Zilingo’s co-founder and CEO Ankiti Bose, who was recently suspended from her position at the B2B e-commerce start-up, is exploring recompensing the company’s entire outstanding debt worth $40 million. This would provide her with an option to gain more equity in the firm, two people aware of the discussions said.
However, according to an investor in a venture debt firm based in Asia, Bose’s endeavour to acquire more shares in the company could be met with a pushback from the board, and eventually lead to a legal tussle if the warrants were to be sold to her.

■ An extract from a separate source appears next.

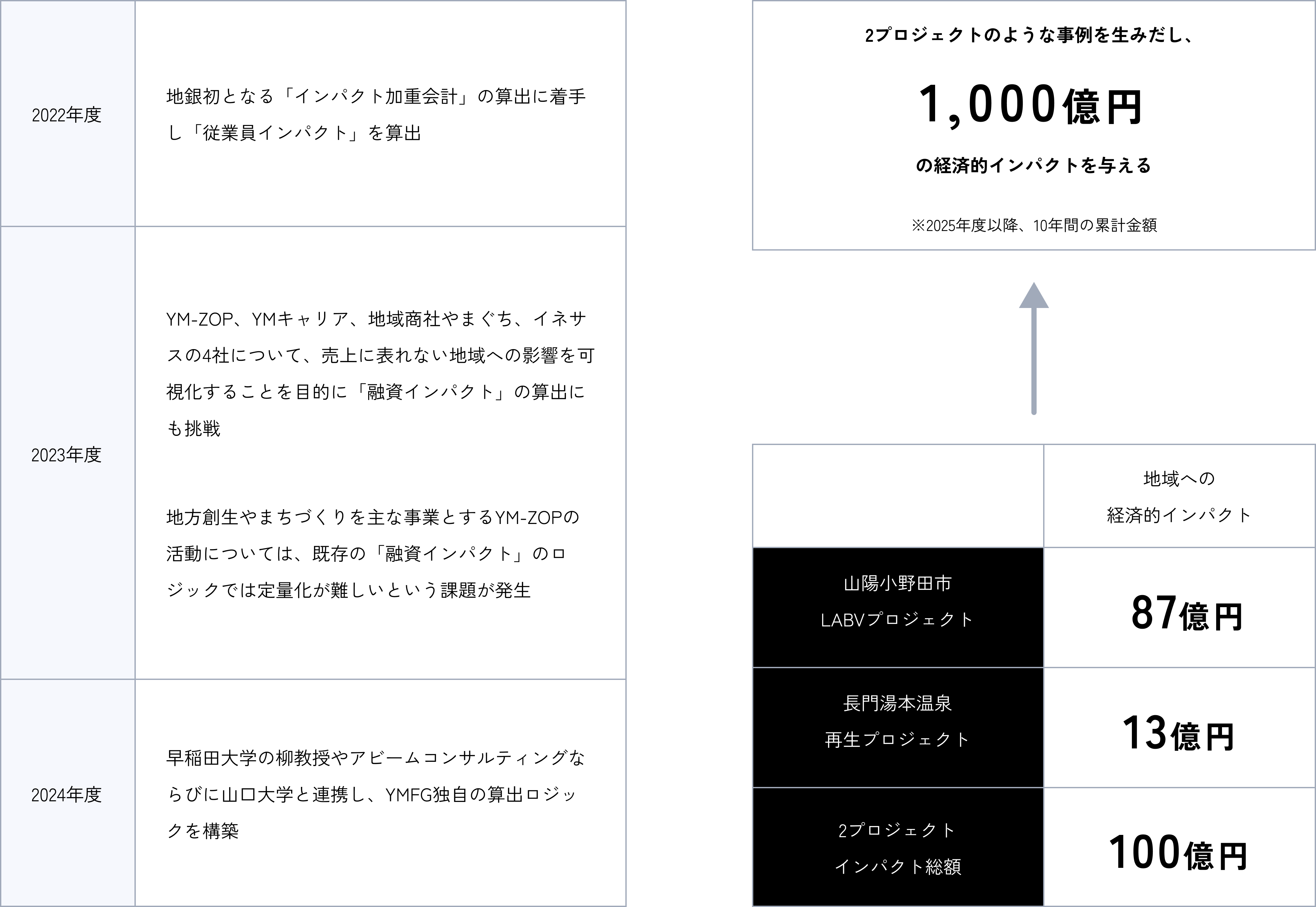 本モデルで当社グループがこれまで取り組んできたプロジェクトの効果を金額換算したところ、「山陽小野田市LABVプロジェクト」は総額87億円、「長門湯本温泉再生プロジェクト」は総額13億円となり、インパクト総額は100億円となりました。(2024年度時点)

Sources told FE that Bose had already reached out to Varde Partners and Indies Capital with a term sheet to pay back the entire pending loan amount. Varde and Indies together provided a loan of $40 million to Zilingo under Ankiti’s leadership in July 2021, which is valid till July 2023, the sources added.
If the term sheet goes through, Bose will get access to convertible notes currently owned by the two debt providers, which could further shore up her shareholding in the firm.

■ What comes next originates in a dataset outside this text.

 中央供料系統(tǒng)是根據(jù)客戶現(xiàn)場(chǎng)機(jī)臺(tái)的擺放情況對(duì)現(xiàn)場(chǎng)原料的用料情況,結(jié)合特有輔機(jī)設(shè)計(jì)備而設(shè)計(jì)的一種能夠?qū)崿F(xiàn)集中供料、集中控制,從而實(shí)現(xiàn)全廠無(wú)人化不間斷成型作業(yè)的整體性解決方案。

“The company was supposed to make repayments on a 90-day cycle, however, after Bose’s suspension in April, the company missed the repayment which was due in the same month,” one of the people aware of the talks between Bose and the debt providers said.

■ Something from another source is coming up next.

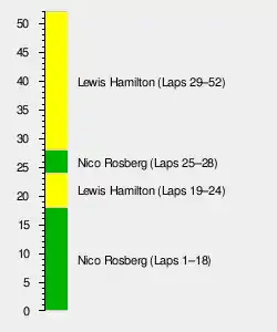 By the 14th lap Bottas had caught Magnussen, and entering Stowe corner used his DRS and better speed to pass him on the outside for fourth.[40] Alonso overtook Magnussen around the outside of Stowe corner for fifth as Ricciardo made a pit stop for the soft compound tyres on lap 15.[41] Two laps later, Bottas passed Button at Stowe turn for third.[37][39] On that lap, Ricciardo passed Sutil on the approach to Stowe corner for ninth.[41] Rosberg made his first pit stop from the lead on the 18th lap. Hamilton led for six laps; the plan was for him to run the middle stint on the hard-compound tyres before his own stop at the conclusion of lap 24.[40] In the meantime, Rosberg began developing gearbox problems on lap 20.[46] As Alonso battled with Button, a stone lodged in his rear wing slot gap that remained there for the rest of the Grand Prix. He twice oversteered coming through Becketts corner as Ricciardo passed Hülkenberg for eighth. Rosberg had increased his advantage over Hamilton, whose pit stop lasted 1.7 seconds than expected as his hard-compound left-rear wheel was slow to install at his pit box, to six seconds.[39][40]

A second person added that both Varde and Indies own warrants on the loan which is transferrable to any buyer under the earlier terms signed between Zilingo and the debt providers. In the venture debt context, a warrant is a security that gives the holder the right to purchase the company’s equity stock at a specified price within a specific period of time. But these warrants are executed only when the investors see an additional gain and are not necessarily used for reclaiming the debt amount.
As is known on May 13, Zilingo’s creditors decided to recall their entire loan, which prompted the start-up to appoint a financial adviser to evaluate options to deal with the default. In a statement on the same day, Zilingo’s board said that “due to Zilingo’s failure to fulfil prior obligations under the loan agreement, the company’s lenders have made the decision to accelerate the repayment of the entire loan”.
“The investigation into allegations against Ankiti Bose, the CEO of Zilingo, is close to being finalised,” the Zilingo board had said in a statement on May 13.
“Ankiti will essentially get technical access to these warrants owned by both the venture debt firms, and she can also get the legal right to exercise this. The debt providers are wary of the fact that a replacement for Ankiti was not found even 45 days after her suspension with no outcome into the investigation yet. Hence, they have decided to recall the entire loan amount,” one of the sources quoted earlier said.
Zilingo and Indies Capital did not respond to emails seeking comments till the time of going to the press. Varde Partners declined to comment on the story.
Sources also said that Bose has already met with a few institutional investors and hedge funds based in Singapore and India to raise the $40 million required to buy back the warrants and to pay the remainder of the principal amount in full to Varde Partners and Indies Capital.
Currently, Bose owns around 8.3% of Zilingo.
“Technically in the US and in India, venture debt providers get the first preference when there are liquidity events or when there is an unforeseen shutdown. There have been instances of debt providers using distressed scenarios of companies to take over the company, but that all is only possible if it’s proven in court or legally that the company has no money left to service back the loans taken,” the investor said.
A loan recall event in the venture debt context as seen in the case of Zilingo, only happens as a last straw, when the lenders are convinced that the company is not in a position to repay the creditor or has no money left in the bank, the investor said.
“A recall means that the company has the right to recall the entire loan amount, extinguishing the quarterly payment structure. As per standard agreements, if the lender exercises the right to recall, the company has to pay the full outstanding amount in a 30-60 period and is only used as the last straw to recover their money,” the investor added.
Thirty-year-old Bose, who has been at the helm of the company since its inception in 2015, is facing allegations of financial irregularities, with the board accusing her of inflating revenues. In a statement in early April, Bose termed the board’s suspension and allegations against her as a “witch hunt” and refuted all the claims made by the board.
The B2B start-up, which offers a tech platform for fashion retailers to source wholesale supplies, has been one of the most celebrated start-ups to emerge from SEA geography. However, the start-up’s CEO has been kept under suspension currently, with the board launching a full-fledged audit into the accounting books, according to earlier reports.
Zilingo is one of Sequoia Capital India’s key investments in the South East Asia region, and the start-up entered the unicorn club when it raised a $226-million Series D round in April 2019.
The allegations against Bose emerged after the start-up began the internal process to raise $200 million in funding led by Goldman Sachs Group, which has now been discontinued. Last month, a source aware of these funding talks told FE that the start-up submitted all key financial statements for a due diligence process. The company currently has enough cash in the bank for the next 15-18 months, FE reported last month.